##### Given information #####
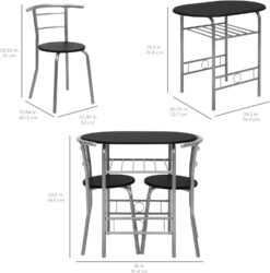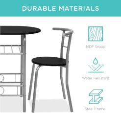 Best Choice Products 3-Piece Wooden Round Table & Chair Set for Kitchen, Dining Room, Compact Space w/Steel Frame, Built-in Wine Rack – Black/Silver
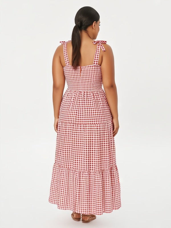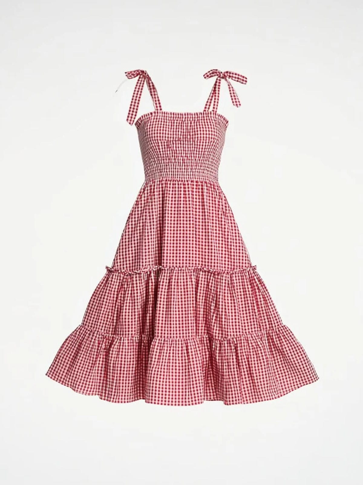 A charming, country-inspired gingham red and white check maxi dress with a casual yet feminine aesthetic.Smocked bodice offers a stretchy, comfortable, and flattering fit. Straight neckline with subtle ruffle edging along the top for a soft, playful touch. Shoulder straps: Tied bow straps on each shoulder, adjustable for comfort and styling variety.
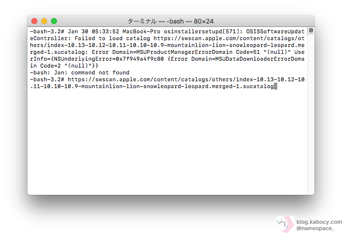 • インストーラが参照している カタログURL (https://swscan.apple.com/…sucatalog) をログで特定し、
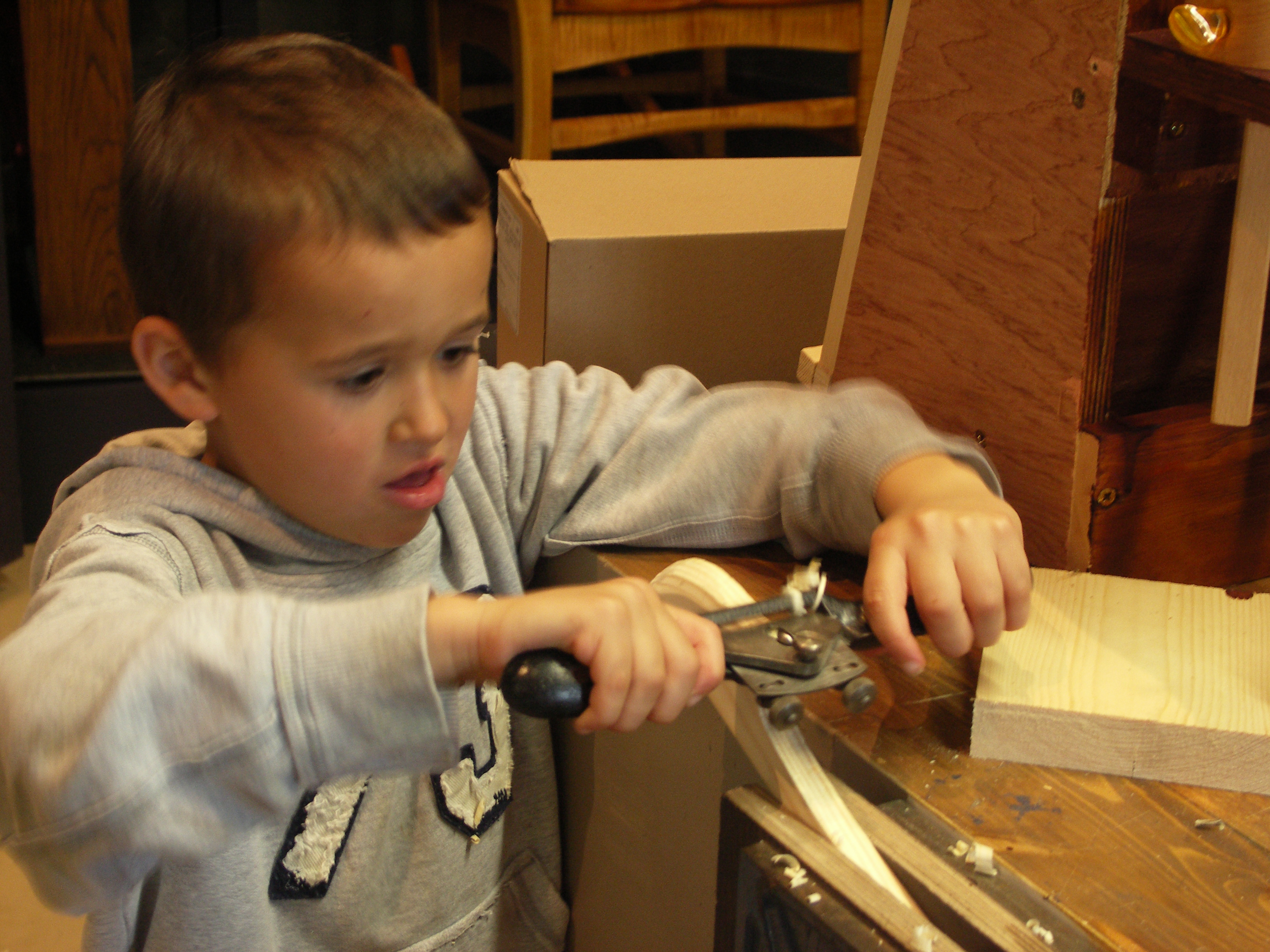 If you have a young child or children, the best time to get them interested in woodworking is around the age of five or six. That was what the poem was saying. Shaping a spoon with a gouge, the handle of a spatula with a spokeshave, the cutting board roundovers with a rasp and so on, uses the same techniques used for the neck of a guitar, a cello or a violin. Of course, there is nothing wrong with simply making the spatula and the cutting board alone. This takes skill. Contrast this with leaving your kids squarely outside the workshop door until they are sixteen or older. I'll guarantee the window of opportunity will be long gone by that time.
#####
What you produce must match the listing word for word, with no images in it.

* Exercise answer *
 Best Choice Products 3-Piece Wooden Round Table & Chair Set for Kitchen, Dining Room, Compact Space w/Steel Frame, Built-in Wine Rack – Black/Silver
 A charming, country-inspired gingham red and white check maxi dress with a casual yet feminine aesthetic.Smocked bodice offers a stretchy, comfortable, and flattering fit. Straight neckline with subtle ruffle edging along the top for a soft, playful touch. Shoulder straps: Tied bow straps on each shoulder, adjustable for comfort and styling variety.
 • インストーラが参照している カタログURL (https://swscan.apple.com/…sucatalog) をログで特定し、
 If you have a young child or children, the best time to get them interested in woodworking is around the age of five or six. That was what the poem was saying. Shaping a spoon with a gouge, the handle of a spatula with a spokeshave, the cutting board roundovers with a rasp and so on, uses the same techniques used for the neck of a guitar, a cello or a violin. Of course, there is nothing wrong with simply making the spatula and the cutting board alone. This takes skill. Contrast this with leaving your kids squarely outside the workshop door until they are sixteen or older. I'll guarantee the window of opportunity will be long gone by that time.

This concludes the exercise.